*Required action*. Beginning at the top of the entries below, retype each line exactly until the line containing "Cho bảng số" has been written out; include no pictures and no later lines.

________________________

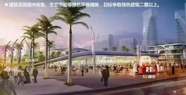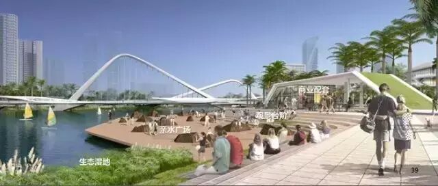 市民广场东段的景观轴线上有阳光草坪+旅游服务中心+浮动舞台+艺术地标+水镜广场共五大景观项目,形成南沙地标景观。
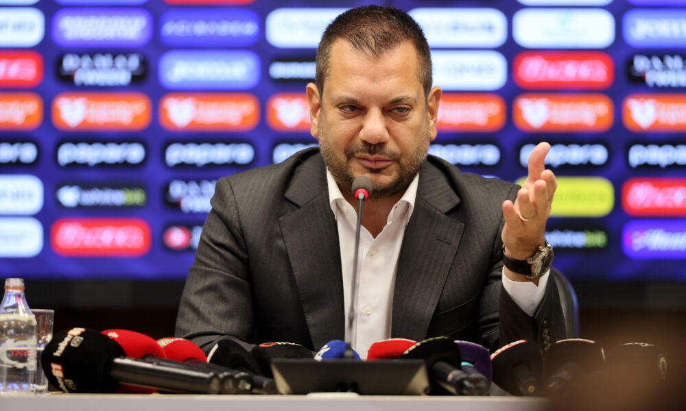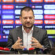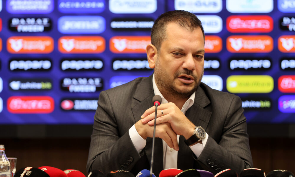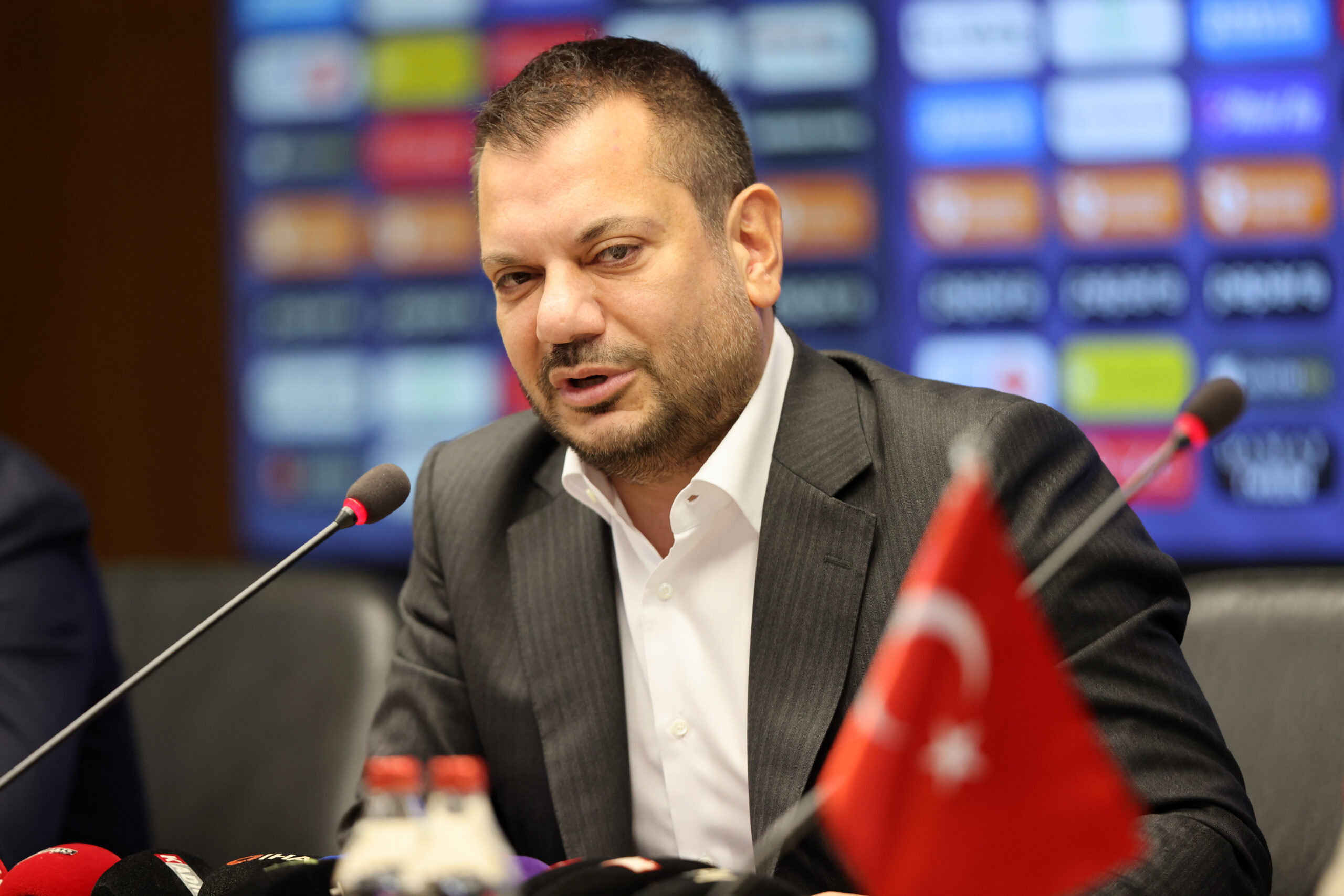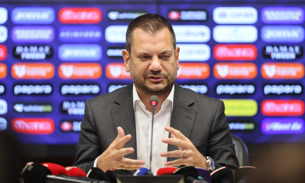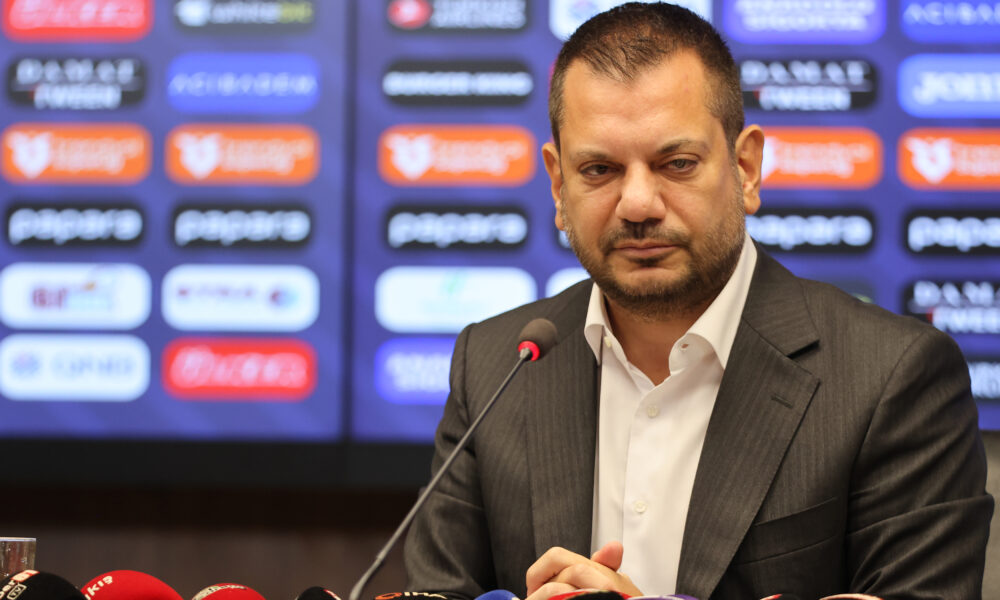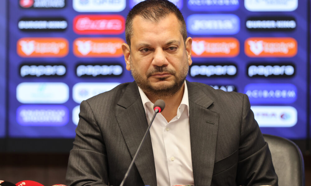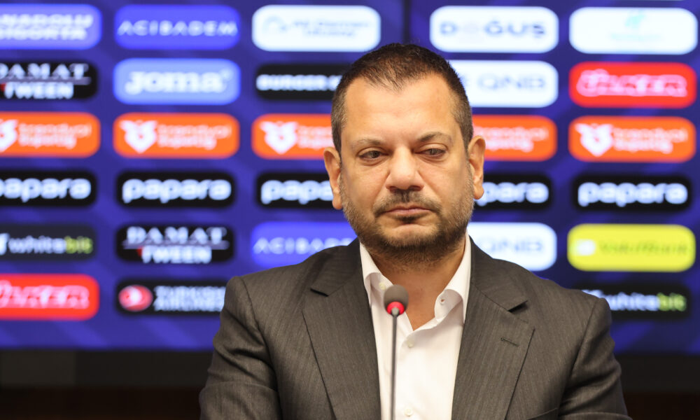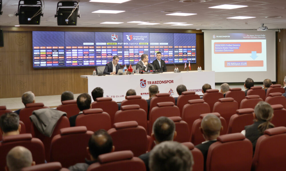 Trabzonspor Kulüp Başkanı Ertuğrul Doğan, Şenol Güneş Spor Kompleksi’nde düzenlenen basın toplantısında açıklamalarda bulundu. Fotoğraf: Trabzon,(DHA)
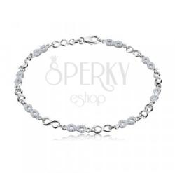 925 ezüst karkötő végtelen formájú szemekből. Szélesebb, víztiszta cirkóniával kirakott szemek és keskenyebb, fényes szemek váltakoznak. A végtelen formákat fényes karikák választják el egymástól. A karkötő delfinkapcsos. A karkötő szélessége: 3,8 mmA karkötő hossza: 195 mm (+/- 5 %)A karkötő súlya: 4,1 gFémjelzéssel ellátott.
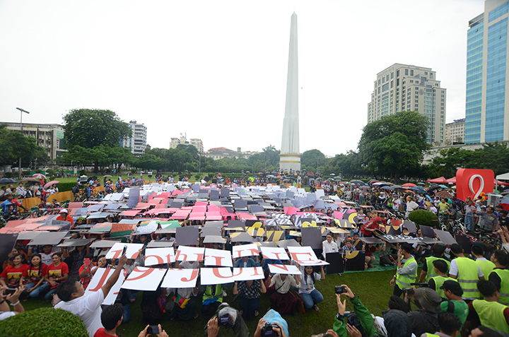 At 7:40 a.m., 740 people assembled to form a portrait of the State Counsellor at the Maha Bandoola Park downtown.
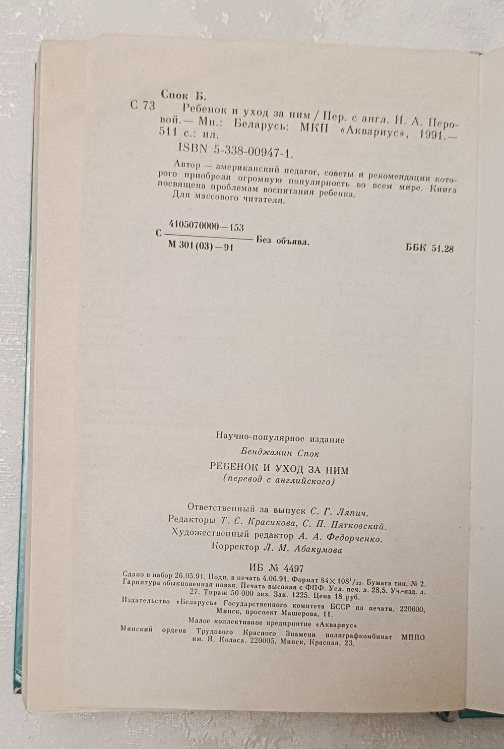 Спок Бенджамин. Ребенок и уход за ним. Мн.: Беларусь: МКП «Аквариус», 1991.-511 с.: ил., твердый переплет, обычный формат.
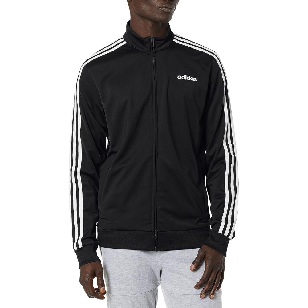 adidas mens Athletics Essential Tricot 3-stripes Jacket(Black/White)
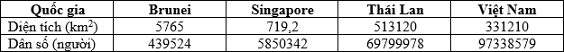 Cho bảng số liệu: DIỆN TÍCH VÀ DÂN SỐ CỦA MỘT SỐ NƯỚC ĐÔNG NAM Á NĂM 2020 (Nguồn:
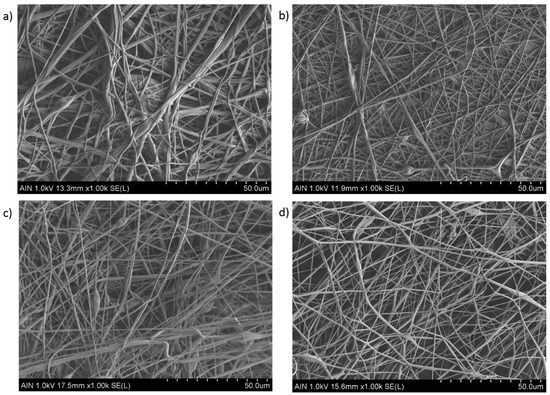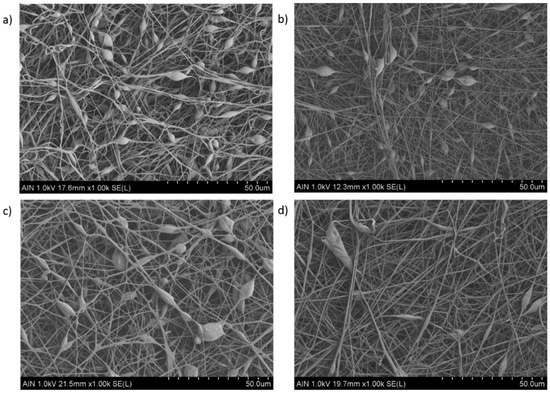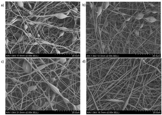 In this work, the experimental results obtained by this study for variable PVC concentration are in concordance with literature, as it can be appreciated in the SEM images related to Figure 2 and Figure 3, respectively. In Figure 2, by increasing the PVC solution at a fixed concentration (15 wt %) results in the formation of electrospun fiber mats which are nearly bead-free (Figure 2a–c) or even free (Figure 2d) in comparison with the SEM images in Figure 3 (10 wt %), showing a high density of beaded-fibers. Due to this, it can be confirmed that as a function of the initial polymeric solution, the resultant surface can be perfectly controlled with the desired morphological features. In addition, the effect of applying a higher voltage (15 KV) results in the formation of thinner electrospun fibers (Sample 2 and 4) in comparison with the samples with a lower voltage (10 KV) which corresponds to the Samples 1 and 3, respectively. Previous works have demonstrated that a high voltage allows stretching forces capable of promoting the formation of distributed uniform fibers [40,41] and the effect of increasing the applied voltage produces narrower fibers due to the production of a higher electrostatic repulsive force on the fluid jet [42,43]. Nevertheless, taking into account other works, an adequate selection of the voltage depends on the system used such as type of solvent, polymer concentration, and the distance of the tip to the collector [44,45]. According to the tip-to-collector distance, generally a longer distance yields the formation of thinner electrospun fibers because it is given enough time for stretching of the jet and delayed flight time [46], although it has been also observed that too near or too far distances makes the presence of beads [41] or droplets [47] possible, respectively. However, by using PVC fibers it has been observed that the mean fiber diameter depends little on the change in the distance between the needle and the collector in the range of 7.5 cm up to 15 cm, showing a decrease in the number of fiber defects when the distance is increased [48]. The effect of the flow rate is other parameter that can control the resultant fiber diameter and due to this, low feeding rates are desirable because the solvent has enough time for a complete evaporation before reaching the collector. In addition, high flow rates produce beaded fiber formation due to the unavailability of a proper drying time of the solvent when the collector is reached [49]. In this work, the selected flow rate or applied voltage are not considered too high for being a relevant factor for producing highly-density beaded fibers, as it can be observed in the SEM images of Figure 2.

________________________

*Answer to this problem*.
 市民广场东段的景观轴线上有阳光草坪+旅游服务中心+浮动舞台+艺术地标+水镜广场共五大景观项目,形成南沙地标景观。
 Trabzonspor Kulüp Başkanı Ertuğrul Doğan, Şenol Güneş Spor Kompleksi’nde düzenlenen basın toplantısında açıklamalarda bulundu. Fotoğraf: Trabzon,(DHA)
 925 ezüst karkötő végtelen formájú szemekből. Szélesebb, víztiszta cirkóniával kirakott szemek és keskenyebb, fényes szemek váltakoznak. A végtelen formákat fényes karikák választják el egymástól. A karkötő delfinkapcsos. A karkötő szélessége: 3,8 mmA karkötő hossza: 195 mm (+/- 5 %)A karkötő súlya: 4,1 gFémjelzéssel ellátott.
 At 7:40 a.m., 740 people assembled to form a portrait of the State Counsellor at the Maha Bandoola Park downtown.
 Спок Бенджамин. Ребенок и уход за ним. Мн.: Беларусь: МКП «Аквариус», 1991.-511 с.: ил., твердый переплет, обычный формат.
 adidas mens Athletics Essential Tricot 3-stripes Jacket(Black/White)
 Cho bảng số liệu: DIỆN TÍCH VÀ DÂN SỐ CỦA MỘT SỐ NƯỚC ĐÔNG NAM Á NĂM 2020 (Nguồn:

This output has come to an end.